Online initiative to offer college courses for credit

Mary Beth Marklein, USA TODAY
People walk by Duke Chapel on the campus of Duke University in Durham, N.C.
  • Semester Online classes will charge students to enroll
  • UNC, Duke, Vanderbilt and Northwestern are among schools taking part
  • Initiative enables universities to have more control online

An initiative announced Thursday by 10 U.S. colleges and universities, including Vanderbilt, Northwestern and Brandeis, promises to bring top-quality online courses to students from all over the country and even the world. But don't call it a MOOC.

"This is actually the polar opposite," said Jeremy Johnson, president of the initiative, called Semester Online. He's also co-founder of 2U, which for about four years has supported online master's degree programs for universities.

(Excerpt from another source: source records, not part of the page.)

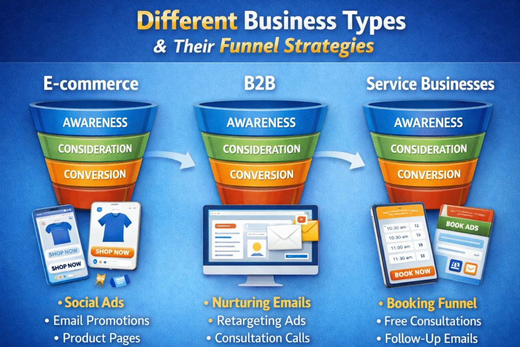 Examples of real-world success include e-commerce brands increasing conversions by up to 30 percent using social ads and retargeting tactics, SaaS companies turning leads into loyal users with nurturing emails and free trials, and local services attracting clients through targeted ads followed by smooth booking funnels.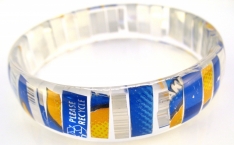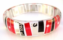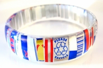 Crafted in Luxane™, a state-of-the-art polyurethane resin, slices of recycled cans have been embedded within each bangle. Learn more about Luxane. The cans themselves are made from 51% metal that has been previously recycled,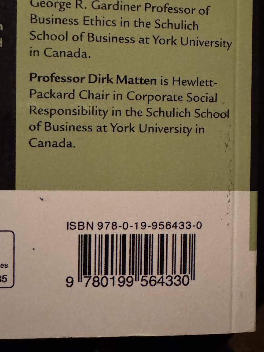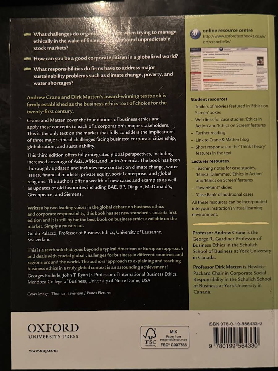 • Business Ethics, Andrew Crane, Dirk Matten, 9780199564330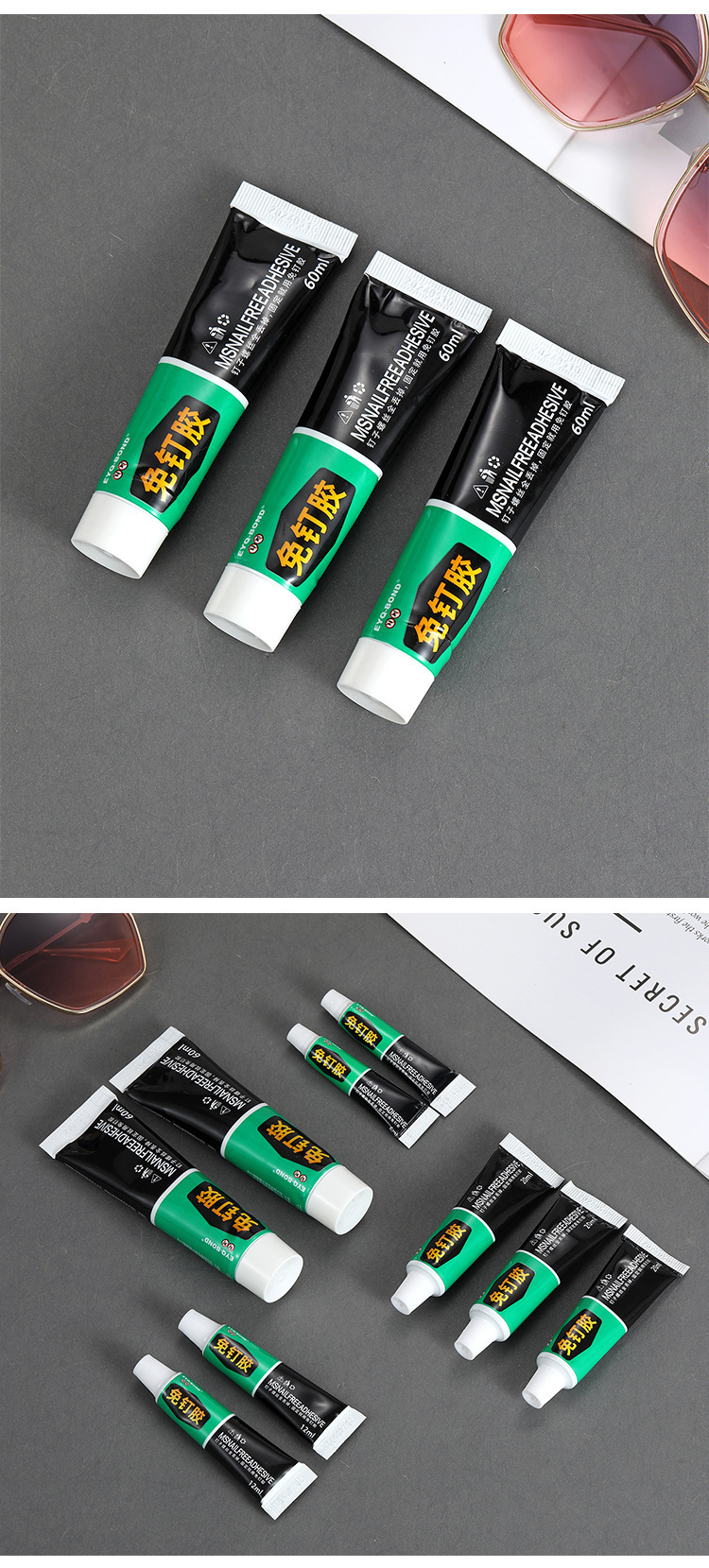 Клей без ногтей 6 мл (пробный размер); Клей без ногтей 12 мл (маленький размер для домашнего использования); Клей без ногтей 20 мл (для домашней версии большого размера); Клей без ногтей 60мл (коммерческая версия)

Unlike MOOCs (massive open online courses), which are free and open to anyone with an Internet connection, Semester Online classes will charge students to enroll, and class sizes will be limited to 15 to 20 students each. Also unlike MOOCs, students will be able to earn college credit right out of the gate.

Participating institutions see it as another opportunity to explore how technology can best expand and improve education. Earlier this week, the American Council on Education announced it would coordinate efforts to study the academic potential of MOOCs, which are largely unregulated, but have quickly emerged as an important development in higher education.

Semester Online offers a different model. Details are still being worked out, but faculty at participating schools will design and teach the courses, which will be open only to academically qualified students. Schools within the consortium would award credit for the courses, which would include real-time discussions.

Rogan Kersh, provost at Wake Forest University, one of the partner schools, said Semester Online enables universities to have more control as they experiment with the online environment.

"This landscape is both quickly shifting and murky at the same time," he said. "No school has a really clear picture of how they're going to use technology."

Kersh said Wake Forest is not ready to consider MOOCs because of its commitment to small classes and face-to-face interaction. Duke, another participating school, is also participating in MOOCs.

"We're experimenting," Duke Provost Peter Lange said. "We believe both educational models have merit, and we're interested in seeing how they both go."

Other participating schools include Emory, The University of North Carolina-Chapel Hill, University of Notre Dame, University of Rochester and Washington University in St. Louis.